- Gmina Trzeszczany Location within Poland
- Coordinates (Trzeszczany): 50°49′15″N 23°44′18″E﻿ / ﻿50.82083°N 23.73833°E
- Country: Poland
- Voivodeship: Lublin
- County: Hrubieszów
- Seat: Trzeszczany

Area
- • Total: 90.17 km^{2} (34.81 sq mi)

Population (2013)
- • Total: 4,548
- • Density: 50.44/km^{2} (130.6/sq mi)
- Website: http://www.trzeszczany.pl

= Gmina Trzeszczany =

Gmina Trzeszczany is a rural gmina (administrative district) in Hrubieszów County, Lublin Voivodeship, in eastern Poland.

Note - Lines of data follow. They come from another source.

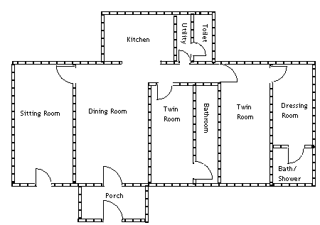 The cottage is all on one level, with a step up to the sitting room and is entered by a large south facing porch with plenty of room for two to three people to sit.
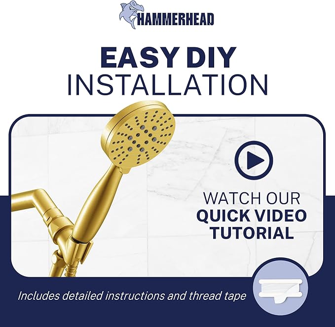 HammerHead Showers® Solid Metal 3-Spray Handheld Shower Head with Long Hose and Holder - BRUSHED GOLD - WIDE, MASSAGE, and MIST Sprays - 1.8 GPM Low Flow Handheld Showerhead - Water Saving Shower Head
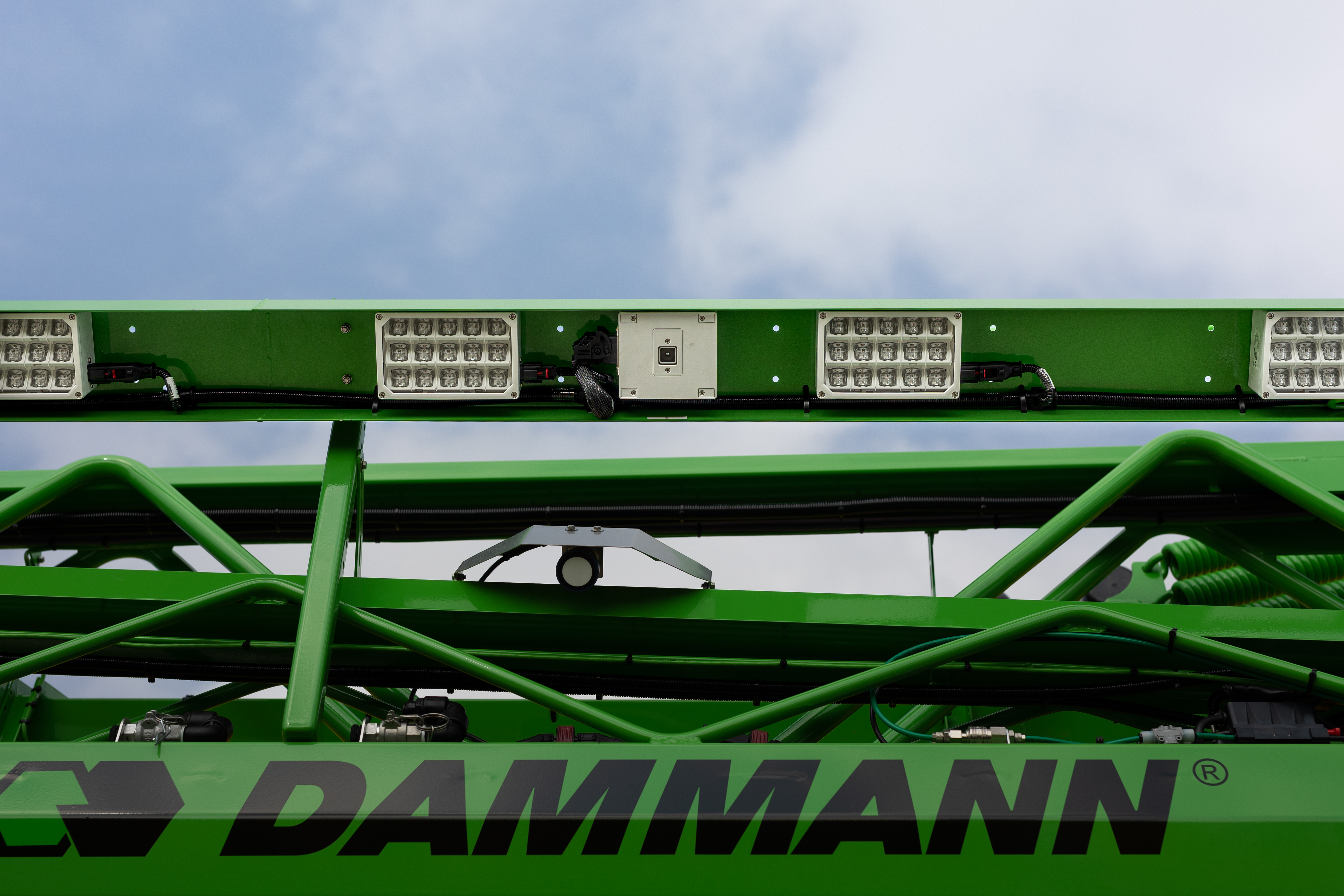 A Dammann crop protection sprayer featuring the Smart Spraying Solution, with the unique weed management system’s field camera unit (central) and lighting units (each side) visible.
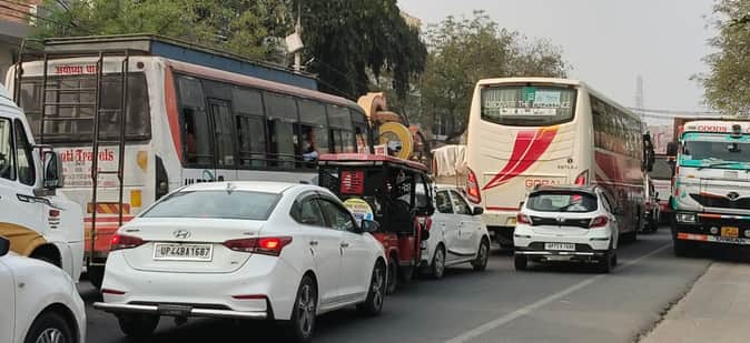 सड़क पर लगी वाहनों की कतार

Its seat is the village of Trzeszczany, which lies approximately 11 km west of Hrubieszów and 95 km south-east of the regional capital Lublin.

The gmina covers an area of 90.17 km2, and as of 2006 its total population is 4,641 (4,548 in 2013).

==Villages==
Gmina Trzeszczany contains the villages and settlements of Bogucice, Drogojówka, Józefin, Korytyna, Leopoldów, Majdan Wielki, Mołodiatycze, Nieledew, Ostrówek, Trzeszczany, Zaborce, Zadębce, Zadębce-Kolonia, Zagroble and Zamłynie.

==Neighbouring gminas==
Gmina Trzeszczany is bordered by the gminas of Grabowiec, Hrubieszów, Miączyn, Uchanie and Werbkowice.